Un simbolo per tutti noi che abbiamo combattuto la violenza contro gli omosessuali. Coraggioso e innovatore. Massimo rispetto per chi ha pagato con la vita le proprie scelte.
Si e no. Coraggioso finché vuoi, ma filo pedofilo (ci fece anche la tesi di laurea). No, non mi piace come personaggio e te lo dice il padre di un omosessuale. Tra l’altro trovo il pansessualismo una cosa assurda. Però così andiamo fuori argomento.
Oggi sulla pedofilia - che tutti condanniamo, sia chiaro - non si può imbastire un dibattito serio perché solo a nominarla si suscitano reazioni isteriche. E invece discuterne, a livello scientifico, storico e filosofico, sarebbe utile a tutti. Ma oggi la ragione è stata messa in soffitta… Fine OT, ma non è colpa mia (sono stato provocato da Pizzafichi ).
Mario Mieli non era cattivo. Però qualche serio problema, a livello psichico, ce lo aveva eccome (controllare pure su Wiki). Alcune cose che ha detto e fatto, le approvo e condivido. Altre, decisamente no. I cori “coprofili”? È il caso di dirlo: certi froci, così facendo, se lo sono messi in cu*o da soli. Nella peggiore accezione del termine. Fattuale. E le conseguenze di tali atteggiamenti e di simili provocazioni (stupide, insensate, gratuite, dementi e demenziali), direttamente e indirettamente, in Italia le paghiamo ancora oggi. Omo, etero, bi. Purtroppo…
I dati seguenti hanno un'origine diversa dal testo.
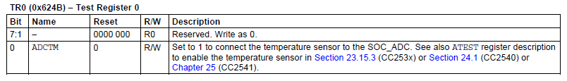 如果选择片上的温度传感器作为ADC温度测量的输入,则需要通过配置寄存器TR0和ATEST来获得片上温度,不过这个温度测量误差很大,我们一般不用,这里也就不给出例程了。
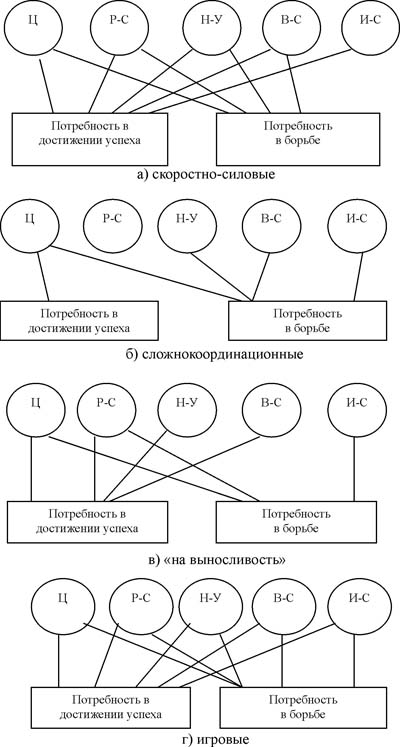 Данные, представленные в табл. 3, показывают детерминированность показателей волевой активности спортсменов разных групп различными симптомокомплексами разноуровневых индивидуальных свойств. В группе спортсменов "на выносливость" проявление волевой активности обусловлено целым рядом показателей личностных качеств (A, C, G, H, M, Q1, Q3, по Р. Кеттеллу - первый фактор) и различными показателями свойств нервной системы (сила и подвижность нервной системы - второй фактор). У спортсменов сложнокоординационных видов спорта проявление волевой активности обусловлено не только показателями личностных качеств (J, Q4) и всех свойств нервной системы, но и мотивацией: потребностью в достижении успеха и потребностью в борьбе. В группе скоростно-силовых видов проявление волевой активности обусловлено как различными показателями свойств нервной системы, личностными качествами (E,G,J,Q2,Q4, по Р. Кеттеллу), так и потребностью в достижении успеха. В группе спортсменов игровых видов проявление волевой активности больше обусловлено мотивацией и свойствами нервной системы и в меньшей степени показателями личностных качеств. Таким образом, теоретический анализ исследований и эмпирические данные в целом подтверждают выдвинутые предположения о том, что волевая активность спортсменов представляет собой целостное образование, разноуровневое и многокомпонентное, структура которого обусловлена спецификой вида спорта и детерминирована в каждом из видов спорта своеобразным симптомокомплексом разноуровневых свойств интегральной индивидуальности. Выводы 1. Волевая активность спортсменов независимо от вида спорта (скоростно-силовых, сложнокоординационных, "на выносливость" и игровых видов) представляет собой сложное целостное образование, разноуровневое и многокомпонентное, направленное на обеспечение высокой эффективности деятельности как в условиях учебно-тренировочных занятий, так и в условиях спортивных соревнований. 2. Психологическая структура волевой активности в спорте включает в себя компоненты различных уровней: психологического (уровень развития волевых качеств в их взаимосвязи), мотивационно-личностного (потребность в достижении и борьбе). 3. Структура волевой активности спортсменов в каждой из групп видов спорта - скоростно-силовых, сложнокоординационных, "на выносливость" и игровых - неодинакова и имеет свои специфические особенности. Это проявляется в том, что в игровых видах спорта доминируют такие волевые качества, как целеустремленность, инициативность и самостоятельность, решительность и смелость. В скоростно-силовых - целеустремленность, инициативность и самостоятельность, решительность и смелость. "На выносливость" - целеустремленность, выдержка и самообладание, настойчивость и упорство, а в сложнокоординационных - настойчивость и упорство, решительность и смелость. 4. Волевая активность спортсменов в каждом виде спорта детерминирована своеобразными симптомокомплексами разноуровневых свойств по-разному. В игровых, сложнокоординационных и скоростно-силовых видах спорта в большей степени нейродинамическими и психодинамическими свойствами, а на выносливость - в большей личностными качествами. 5. Волевая активность спортсменов может быть диагностирована с помощью комплексной методики, включающей в себя "Метод о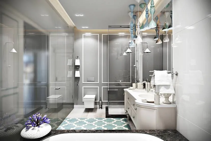 Популярные цвета для отделки стен: зеленый (бодрит, вселяет ощущение стабильности и уверенности), синий (ассоциируется с водой и действует успокаивающе, расслабляюще), белый (символизирует чистоту, хорошо сочетается с любыми оттенками). Модный тренд – покраска стен в ванной комнате и дизайн в серых тонах, что позволяет подбирать акценты любых цветов.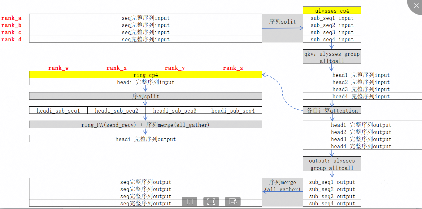 数据类型为BNSD,CP GROUP被分为两个维度(ring cp_group和ulysses cp_group),可以看做一个二维列表(ulysses对应列,ring对应行),例如cp_size8可以看做2×4,则ulysses cp_size为2,ring cp_size为4。 上表中alltoall可以表示为在特性维度上进行gather,在特定维度上进行scatter,例如ulysses前向过程会对seq维度进行gather、对应hc维度进行scatter(对应scatter_idx=1,gather_idx=2),反向过程则相反。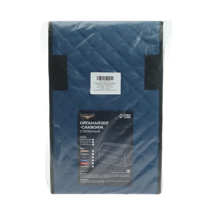 Органайзер кофр в багажник автомобиля Cartage саквояж, экокожа стеганая, 30х30х30 см синий — Характеристики

P.S. Forse Mieli, incontrandomi, con la mia stazza e la mia faccia, avrebbe implorato “Dai, picchiami, fammi male…”. E io, fetente sadico che sono, gli avrei risposto “No!”. Ognuno, ha le sue perversioni e manie. Come insegnava a suo tempo Norman Bates…
Ci tengo a specificare che l’ho scritto in modo ironico e non offensivo giacché per quello che lo conosco lo ritengo una persona interessante con una vivacissima mente ma certamente - per me - con tendenze un po’ troppo estreme.
Mi scuso, nel caso.
Ci tengo a precisare che i toni dei cori erano ironico-provocatori, allo scopo di sfottere e infastidire chi, per via della propria intolleranza, aveva sfasciato lo stand gestito dagli omosessuali. Come dire, si facevano vessillo degli appellativi discriminatori e denigranti che gli venivano appioppati da chi li attaccava.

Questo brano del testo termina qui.